▸ Work task: Would you print the lines below exactly, beginning at the line that has "56. //// N. //// ÅBO ////" and stopping after the line that has "そうこうしている間に、辺りが"? Only those lines, and no pictures.

── Exercise input

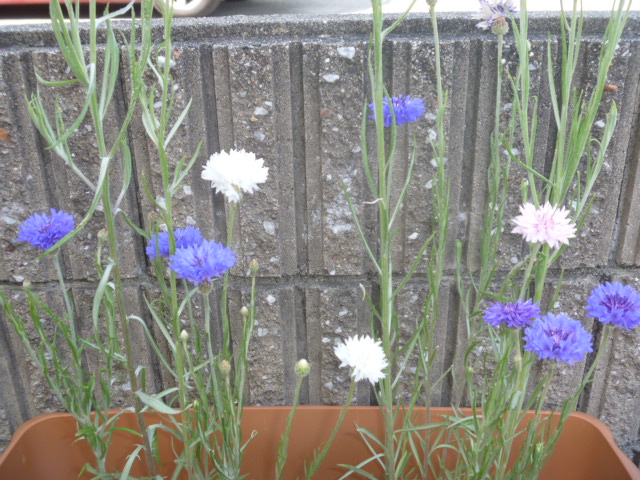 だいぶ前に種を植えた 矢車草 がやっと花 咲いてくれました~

────
── Exercise input

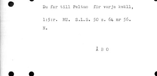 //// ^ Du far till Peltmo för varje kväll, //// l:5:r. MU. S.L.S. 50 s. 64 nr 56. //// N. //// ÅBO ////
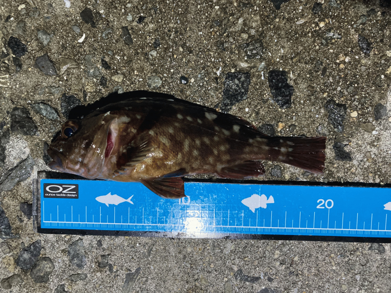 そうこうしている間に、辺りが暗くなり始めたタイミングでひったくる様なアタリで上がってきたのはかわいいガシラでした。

────

▸ Solution to this task:
 //// ^ Du far till Peltmo för varje kväll, //// l:5:r. MU. S.L.S. 50 s. 64 nr 56. //// N. //// ÅBO ////
 そうこうしている間に、辺りが暗くなり始めたタイミングでひったくる様なアタリで上がってきたのはかわいいガシラでした。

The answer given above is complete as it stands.